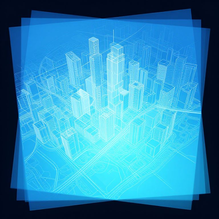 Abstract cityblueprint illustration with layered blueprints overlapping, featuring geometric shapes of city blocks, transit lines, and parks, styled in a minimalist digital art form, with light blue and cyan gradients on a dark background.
--
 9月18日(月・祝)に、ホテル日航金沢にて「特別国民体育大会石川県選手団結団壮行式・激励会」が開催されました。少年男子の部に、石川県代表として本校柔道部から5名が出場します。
==
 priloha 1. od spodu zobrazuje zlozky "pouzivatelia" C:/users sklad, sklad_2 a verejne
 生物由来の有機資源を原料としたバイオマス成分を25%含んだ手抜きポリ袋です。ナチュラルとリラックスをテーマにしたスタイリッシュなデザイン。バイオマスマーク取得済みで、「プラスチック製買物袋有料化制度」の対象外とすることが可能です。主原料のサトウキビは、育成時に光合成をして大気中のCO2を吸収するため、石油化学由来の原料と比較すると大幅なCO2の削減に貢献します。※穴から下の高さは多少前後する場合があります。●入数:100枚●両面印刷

ACTION ITEM: Working from the material above, restate word for word the lines between the line with "priloha 1. od" and the line with "生物由来の有機資源を原料とし", both included, and only those.

REPLY:
 priloha 1. od spodu zobrazuje zlozky "pouzivatelia" C:/users sklad, sklad_2 a verejne
 生物由来の有機資源を原料としたバイオマス成分を25%含んだ手抜きポリ袋です。ナチュラルとリラックスをテーマにしたスタイリッシュなデザイン。バイオマスマーク取得済みで、「プラスチック製買物袋有料化制度」の対象外とすることが可能です。主原料のサトウキビは、育成時に光合成をして大気中のCO2を吸収するため、石油化学由来の原料と比較すると大幅なCO2の削減に貢献します。※穴から下の高さは多少前後する場合があります。●入数:100枚●両面印刷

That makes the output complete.